By the way, I will be presenting a session with Wes Trochlil at the ASAE Technology Conference titled: “Getting Intelligent About Business Intelligence: Finding the Value Behind the Hype.” If you only go to one BI session, I suggest you make it ours.

What Should ASAE Blog About?

Lisa Junker has asked for feedback on what the ASAE Acronym blog should cover in 2008.

My biggest wish as a member and supporter of ASAE is that they would talk more about themselves. This is often a bad idea but I think that ASAE has an opportunity to use blogging as a way to discuss what they are doing as an organization and to engage more directly with their online member community about the society itself. Walk the transparency talk, in other words.

So, Lisa, that’s my suggestion. Good luck in 2008!

Rapid and Participatory Publishing

Here are the slides from another presentation I gave at ASAE’s Great Ideas conference: Rapid and Participatory Publishing. In this presentation I discuss two cases of traditional book publishers who have leveraged the Web to enhance and extend their publishing efforts. These models are a great fit for most associations that have existing publishing operations. The short-form ebook model could also be a good option for an organization looking to get into book publishing.

I have an article discussing this material forthcoming in ASAE’s Journal of Association Leadership. The new issue with my article should be out this month.

Why Innovation Matters

So why does innovation matter? What we did last year worked well enough. Why change?

The answer is that the world is constantly changing around you. Look back five years and consider any element of business, politics, society, even your own personal relationships. I challenge anyone to point to one that has not changed at least moderately.

Given that change is constant, doing what you have always done is not going to get you the same return. If you decide you want to actually raise the bar on what you are achieving, then innovation becomes even more important.
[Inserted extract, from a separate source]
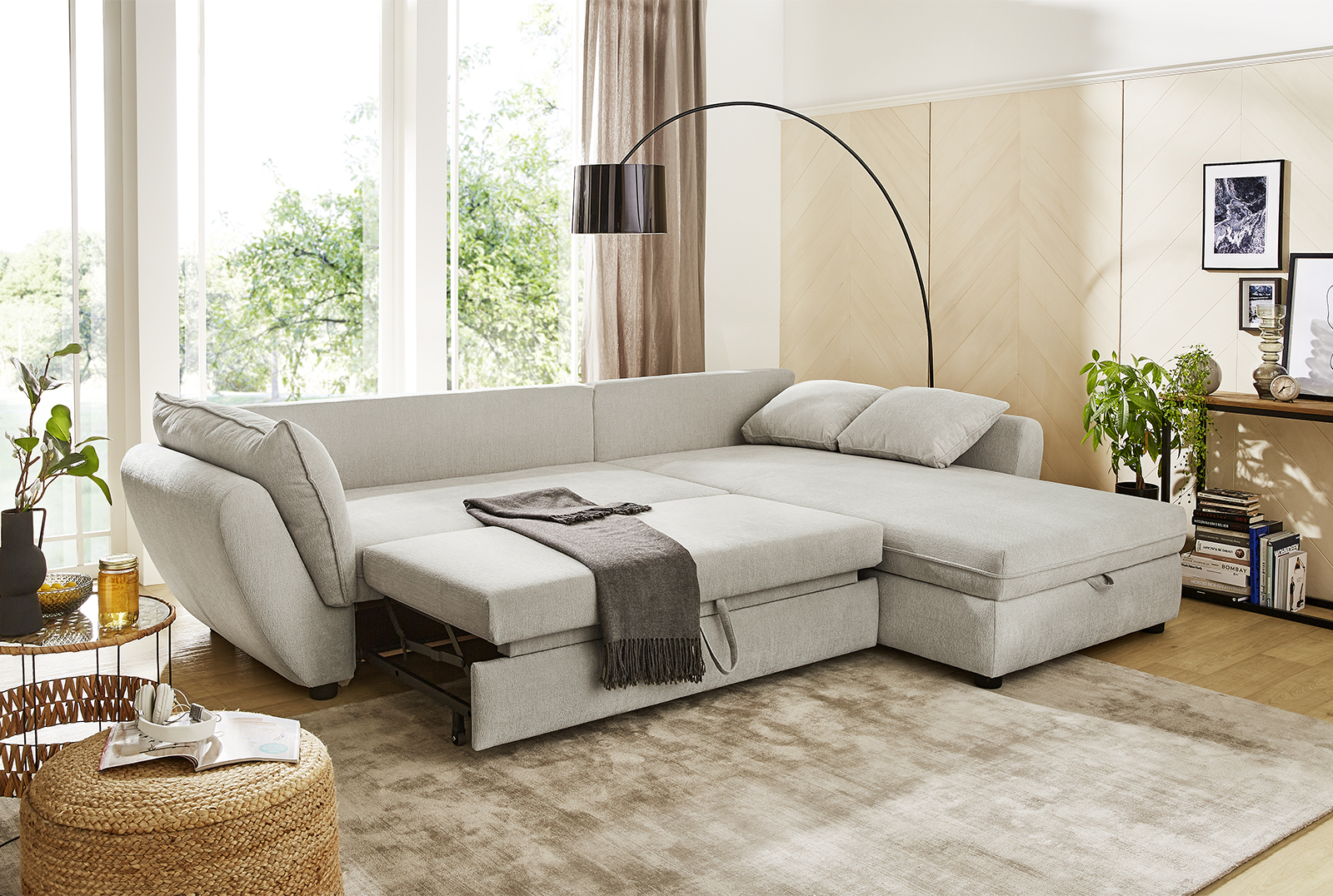 | Ausstattung Polster: | Ottomane rechts links wählbar, inkl. Bettkasten, inkl. Kissen | ||

That is why innovation matters. It is required for the ongoing survival of your organization. It is paramount if you wish to improve on your current position today.
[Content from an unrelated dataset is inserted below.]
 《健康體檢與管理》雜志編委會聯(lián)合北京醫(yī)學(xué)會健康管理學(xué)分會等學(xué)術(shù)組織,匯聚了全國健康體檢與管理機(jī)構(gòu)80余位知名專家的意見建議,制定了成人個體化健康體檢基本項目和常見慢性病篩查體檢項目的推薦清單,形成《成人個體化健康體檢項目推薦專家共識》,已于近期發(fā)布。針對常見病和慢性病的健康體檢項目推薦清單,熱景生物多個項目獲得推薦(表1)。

Lack of Paper Leads to Slides?

I am preparing for two sessions I am presenting at ASAE’s Great Ideas conference in Orlando. One is about new models for book publishing that leverage the Web and the other is on taking risks with technology.

ASAE has gone paperless for their conferences in the last few years, to save money and a few trees. All the handouts are available for download via their web site. I just noticed how this is impacting how I design my sessions, however.

I like to present visual models for some of my ideas and walk participants through using them in their own work. This keeps everything very practical and helps to translate the material I am sharing into tangible results for the people in the session. If I could distribute a workbook or set of handouts, I could do without slides completely. But I can’t count on anyone actually having the handout in front of them. So, I have to do slides.

It’s a bit counter-intuitive but I think that banning all paper handouts can actually counter another change ASAE has been encouraging, which are more interactive sessions that rely less on slide decks. What do you think?

Deep Thoughts from Peter on Associations and Participation

I was at ASAE’s Annual meeting earlier this week in Chicago and did not blog a single thing about it. Lots of others did, though. (An aside: seems like a blog tipping point was reached at this meeting. Very active and diverse blogging going on all over the place.)

Peter Turner has posted an interesting idea based on the Decision to Join report and Jeff De Cagna’s Ungovernance session:

The longer your association waits to implement governance and product development changes that are more “open and inclusive” to the rank and file member, the more likely you can expect to generate lower retention rates or product sales.

Closed ended models of governance and product development in an era of open innovation and product co-creation is THE CANCER in association management today.

Rings true to me. I think that all the excitement about social media in the association space is a direct response to the subconscious feeling that the time tested models aren’t going to work for much longer.